With the advent of the digital era and the massive data sizes we handle, steganography is being a very important field for researchers. Most of the more common digital steganography is done in image files because they are a very good container, being the LSB (Less significant bit) replacement the simplest technique, which allows to hide information inside a image with a minor alteration that can’t be noted by the human eye.

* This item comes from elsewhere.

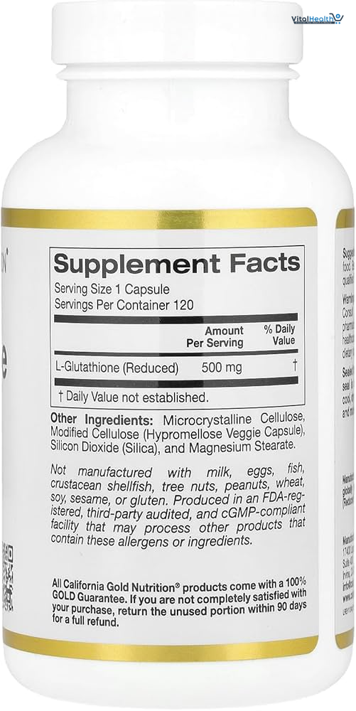 Taking L-glutathione as a supplement can help support healthy detoxification processes, can help protect the cells from free radical damage, and can help maintain cellular health and support overall immune function. The reduced form is a more active form of the antioxidant and has been studied for its increased bioavailability. California Gold Nutrition L-Glutathione (Reduced) contains a reduced form of L-glutathione in veggie capsules. When taken as directed, this provides a 4-month supply.
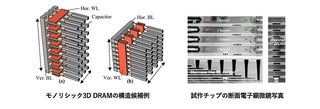 左图:(a)具有垂直位线的结构;(b)垂直字线的实现方法。条状部分为电容器。右图:(a)沟道附近的结构;(b)垂直字线中的阶梯状水平位线;(c)垂直位线结构中沟道和字线的堆叠结构。

But steganography using digital images is not the only way of hide digital information. There are steganography in, practically, every corner of the digital word, even in TCP/IP packets! I am going to describe some ways to conceal information in USB mass storage devices that use FAT32 (most of them). These techniques allow to hide information that is not going to be shown by regular file explorers (except the last example which is probably not a truly steganography scheme but I thought it was a cool addition) and they are not going to delete any other user data. Although described here in a briefly and basic manner, they can be used in sophisticated schemes to hide data.

1) Information in the Boot sector
The first sector is called Master Boot Record (MBR), it contains information about different partitions and, more importantly for our purposes, executable code to be used when the unit is bootable.

master_boot_record (1)

If the USB drive is not bootable, that part of the first sector is not used, those are 446 bytes to store information that is not going to be readable from a common file explorer.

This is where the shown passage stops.